──────── Given records

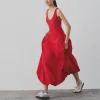 Product Name: New Rose Red Bow Hollow Dark Stretch Waist Relaxed Comfortable Women’s Senior Knitted Dress
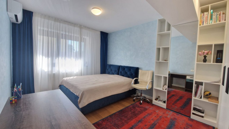 Apartamentul dispune de finisaje de o calitate premium, parchet triplu stratificat, geamuri termopan din aluminiu, aer conditionat in camere, centrala proprie.
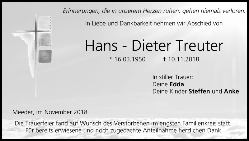 Hier finden Sie alle Traueranzeigen aus der Zeitung, die bisher für Hans-Dieter Treuter erschienen sind. Weitere Traueranzeigen, die in der Zeitung erscheinen, werden hier ebenfalls aufgelistet
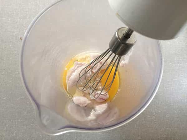 Bate los huevos con el yogurt hasta que se forme una crema espumosa, luego agrega todos los ingredientes menos las frutas.
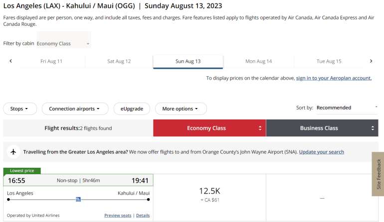 Air Canada Aeroplan can also be an appealing option for booking United award flights between the U.S. West Coast and Hawaii. For partner awards, Air Canada Aeroplan charges 12,500 points for economy flights from 1,501 to 2,750 miles each direction.
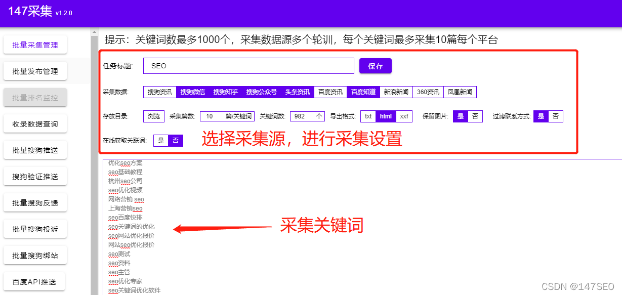 2、可同时创建数十或数百个采集任务(一个任务可支持上传1000个关键词)
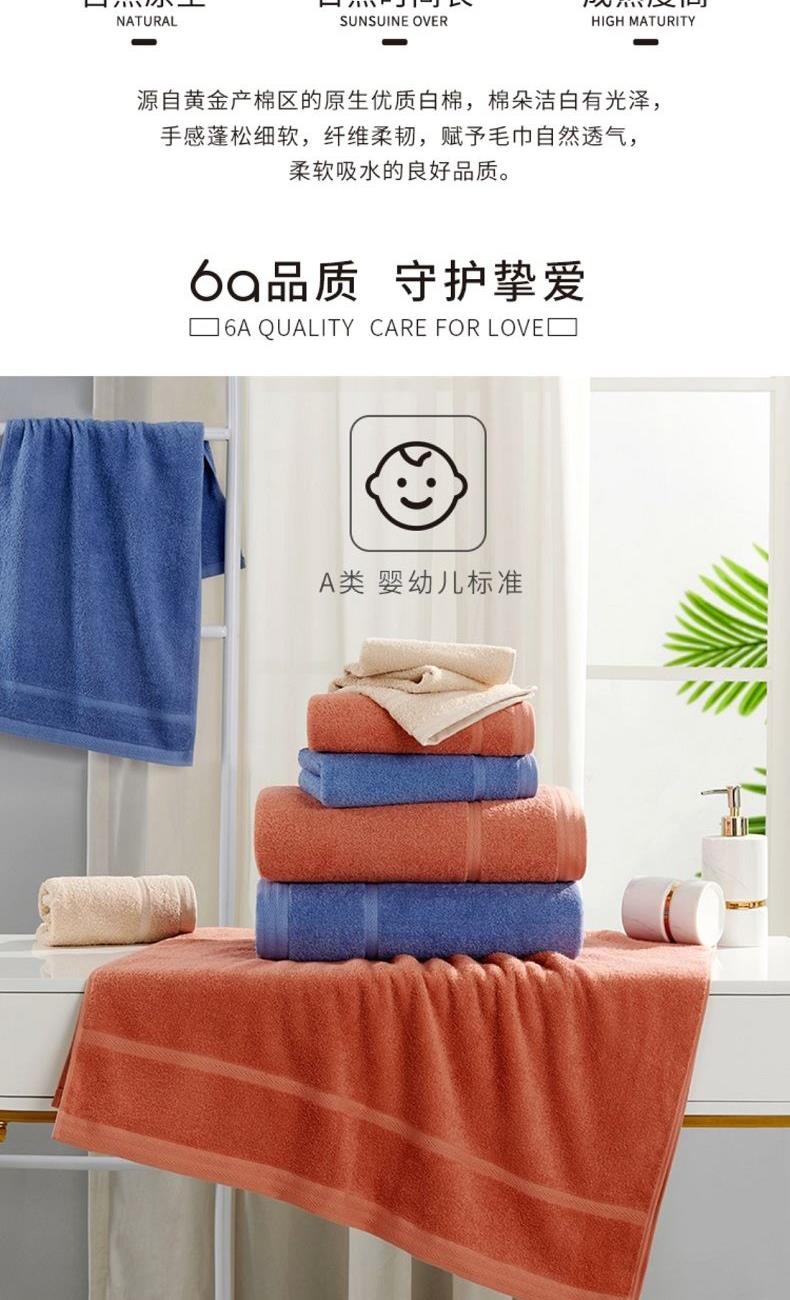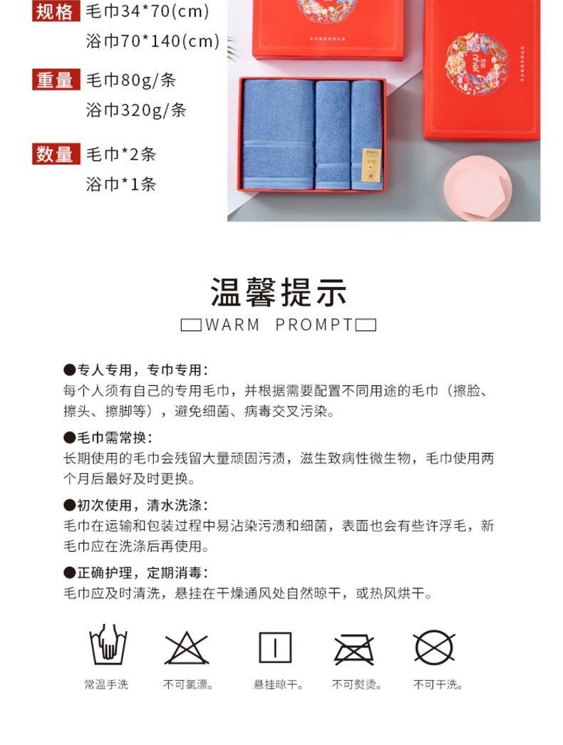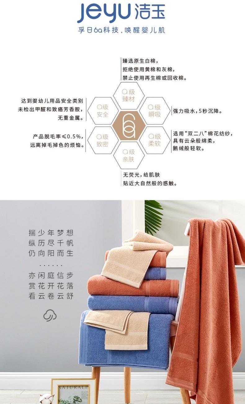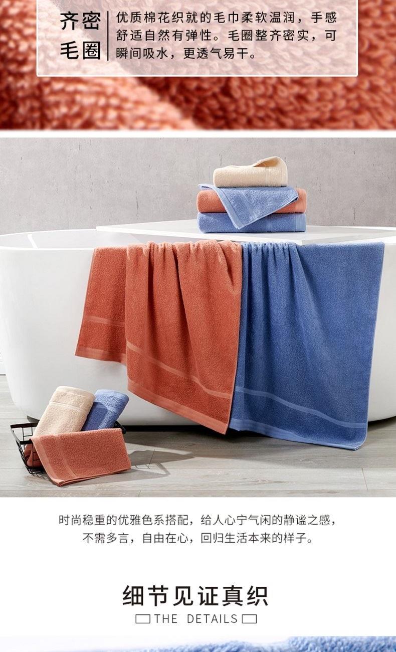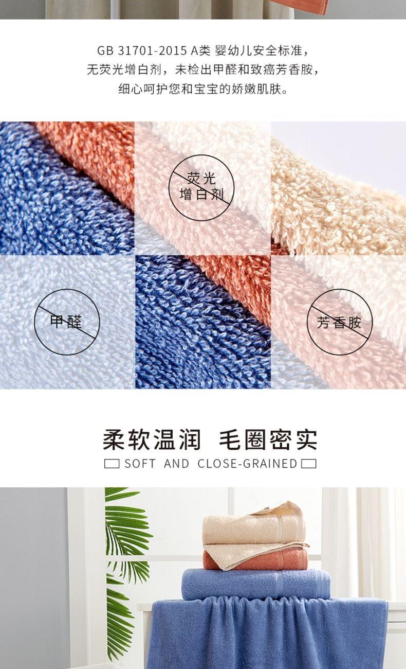 材质:纯棉 规格:34*70(cm)、70*140(cm) 重量:80g、320g 组合:毛巾2条、浴巾1条 1、选用优质纱线,重量轻且柔软,迅速吸水,毛巾轻轻按在肌肤上,无需擦拭,即可吸干水分。 2、缎档简约,呈现出与众不同的素雅之美,巾面色彩柔和、清新
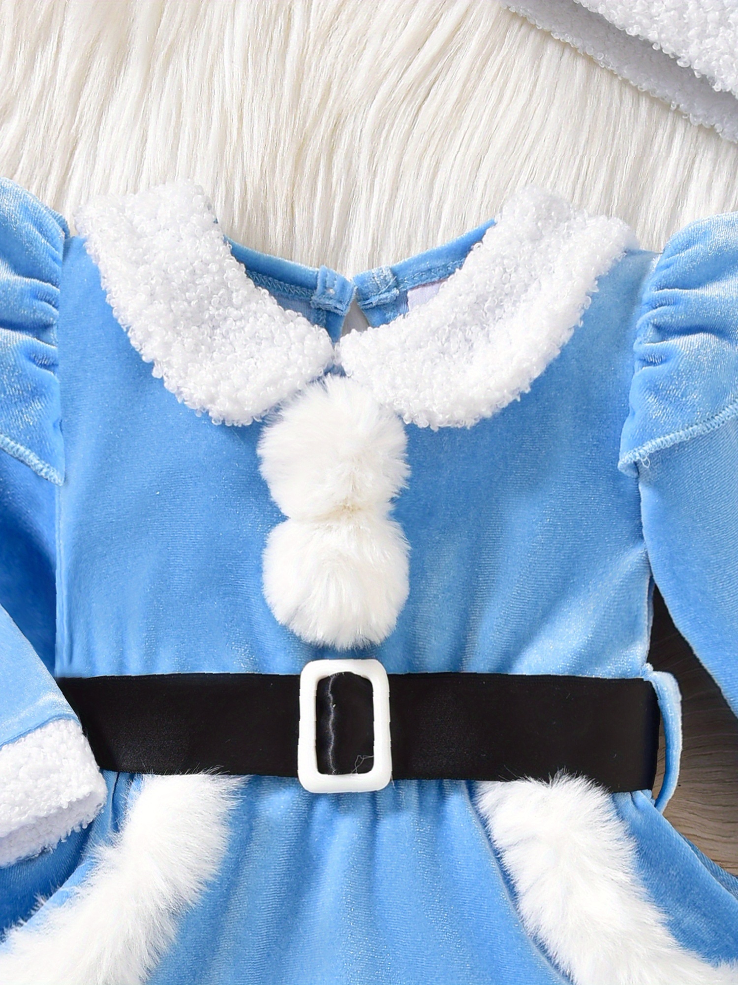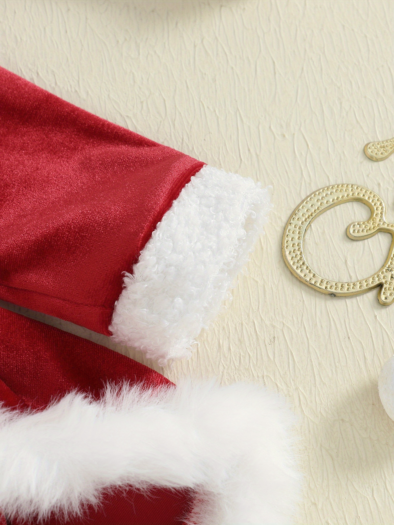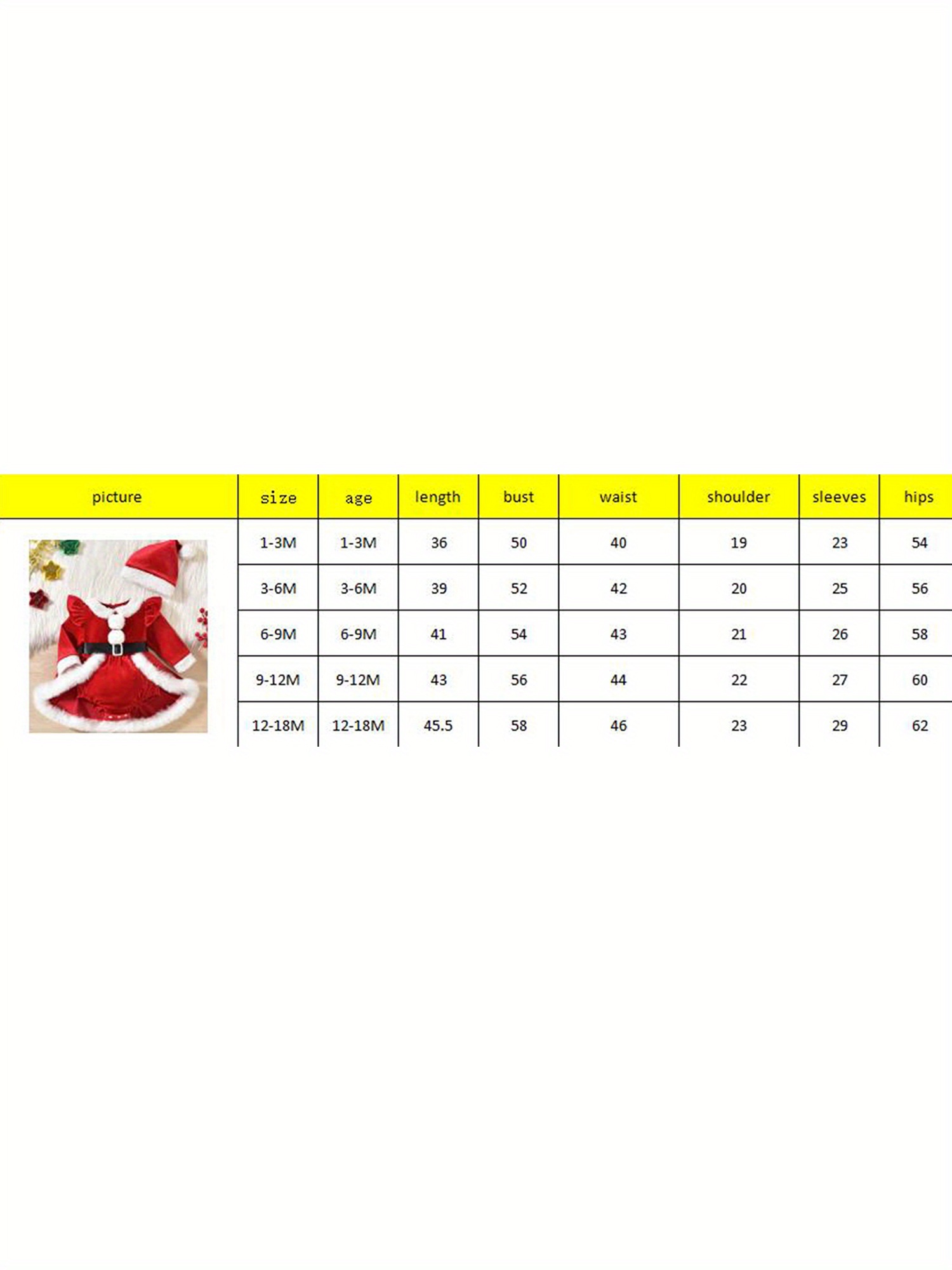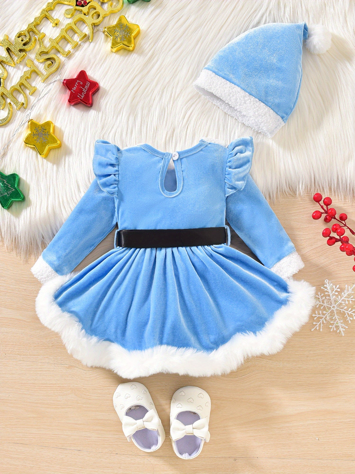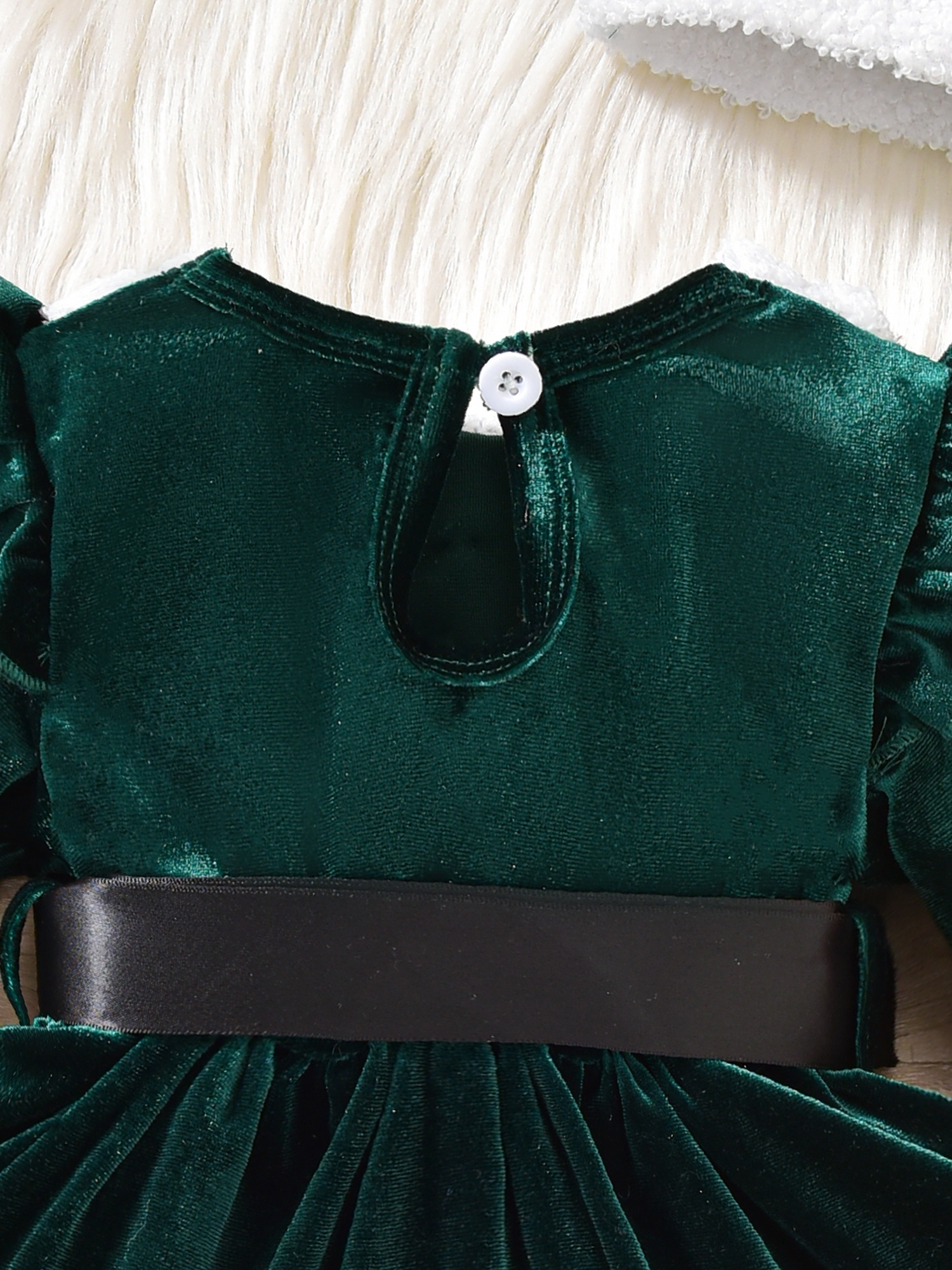 2pcs Set Baby Girls' Plush Patchwork Christmas Romper Dress & Hat Set - Soft Green & White Long Sleeve Jumpsuit with Ruffled Trim, Snap Closure, Cozy Winter Outfit for &, Machine Washable Holiday Outwear (Christmas Party Outf

────────────────

What the answer needs is every line from the one with "材质:纯棉 规格:34*70(cm)、70*140(cm) 重量:80g、320g" through the last line of the data, reproduced word for word and with pictures omitted.

▶ **Your response**
 材质:纯棉 规格:34*70(cm)、70*140(cm) 重量:80g、320g 组合:毛巾2条、浴巾1条 1、选用优质纱线,重量轻且柔软,迅速吸水,毛巾轻轻按在肌肤上,无需擦拭,即可吸干水分。 2、缎档简约,呈现出与众不同的素雅之美,巾面色彩柔和、清新
 2pcs Set Baby Girls' Plush Patchwork Christmas Romper Dress & Hat Set - Soft Green & White Long Sleeve Jumpsuit with Ruffled Trim, Snap Closure, Cozy Winter Outfit for &, Machine Washable Holiday Outwear (Christmas Party Outf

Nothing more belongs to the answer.